* * *
Многие стояли бледные, дрожащие. Одни робко, недоумевающе поглядывали друг на друга, другие с какою-то робкою мольбою смотрели на старого архимандрита. Отец Никанор – стар бывал человек, живал и на Москве, и архимандричал в Саввином монастыре, и на глазах у царя бывал, и царь его жаловал. Что-то он, отец Никанор, скажет? Или так-таки всех и выдаст головой анафеме? Али на них и закона нет? А Никанор стоит заряженный, как затинная пищаль. Губы его дрожат. Он вспоминает, как в Москве, лет пять тому назад, принудили его покориться собору, отречься, отплеваться от двуперстия и сугубой аллилуйи, пасть сметием и прахом под нозе Никона... И стыд за прошлый позор, и поздняя злость на свою тогдашнюю слабость потоком гнали его старую, но кипучую еще кровь от сердца к пунцовым щекам, к глазам. Вон Аввакум-протопоп не убояся собора нечестивых и пребысть крепок, аки адамант и яко скала нерушим...
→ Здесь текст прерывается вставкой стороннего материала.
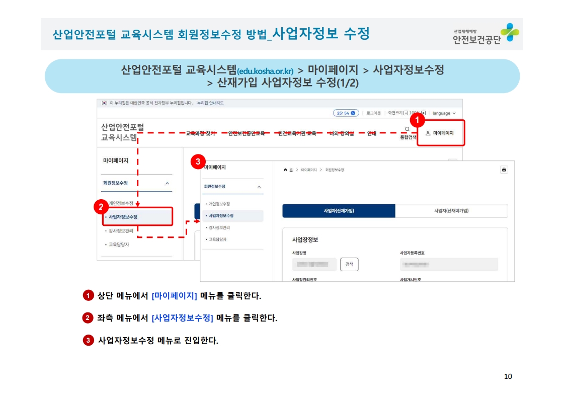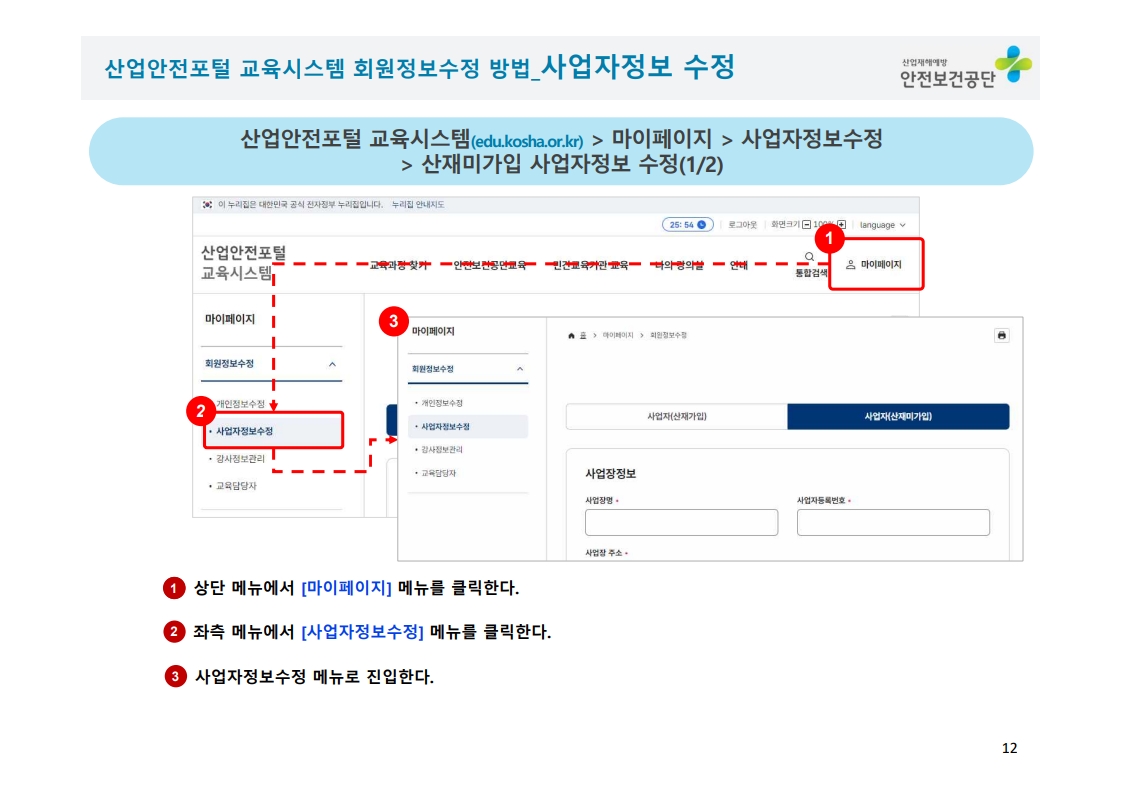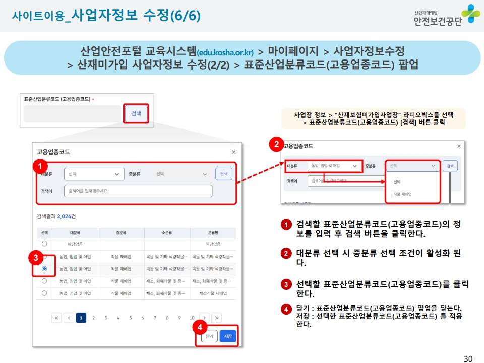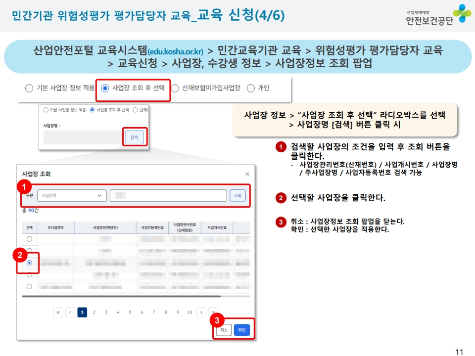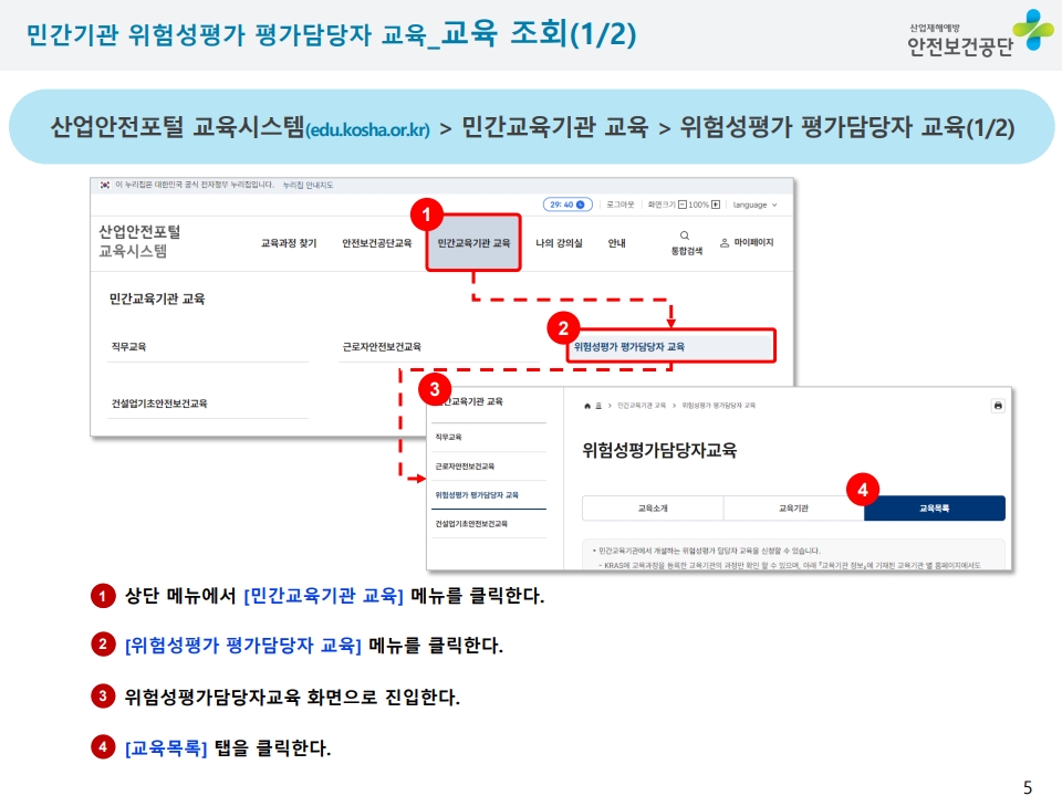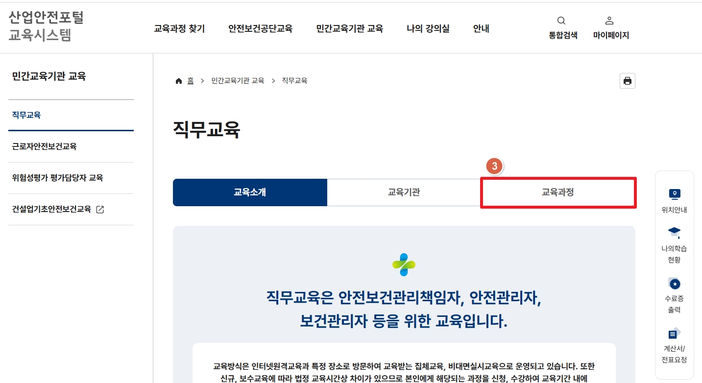※교육대상 : "교육과정명" 선택 (예시 : 안전보건관리책임자, 안전관리자, 전문기관종사자등)

Оленушка, взглянув на Никанора, испуганно прижалась к матери. Ее синие, как морская вода под ярким солнцем, длинные глаза расширились и потемнели.
* * *
– А что дале, после аминя? – резко вдруг спросил Никанор.
– После аминя скрепа дьяка Патриарша приказа, – отвечал Геронтий.
Никанор, взяв из рук его свиток и обведя глазами собор, выпрямил свое старое тело. Он видел, что грамота с проклятием произвела удручающее впечатление на всю братию и даже на ратных людей, преданных монастырю, между которыми, кроме местных поморов и усольцев, находилось несколько донских казаков, после поражений Стеньки Разина перекинувшихся с Волги на Белое море, на службу к соловецким старцам, ибо Стенька не раз говаривал своим удалым молодцам, что и он когда-то был в Соловках и маливался соловецким угодникам. Никанор всего более боялся, чтобы ратные люди под страхом анафемы не покинули монастырь на произвол судьбы, и потому сразу решил, что ему делать. Он подошел к Кирше, как к посланцу царского воеводы, и стал так, чтобы его видели ратные люди, особенно сотники Исачко и Самко.
– Ты по что прислан к нам? – спросил он громко посланца.
– Прислан я с грамотой, – отвечал Кирша, поводя сросшимися бровями.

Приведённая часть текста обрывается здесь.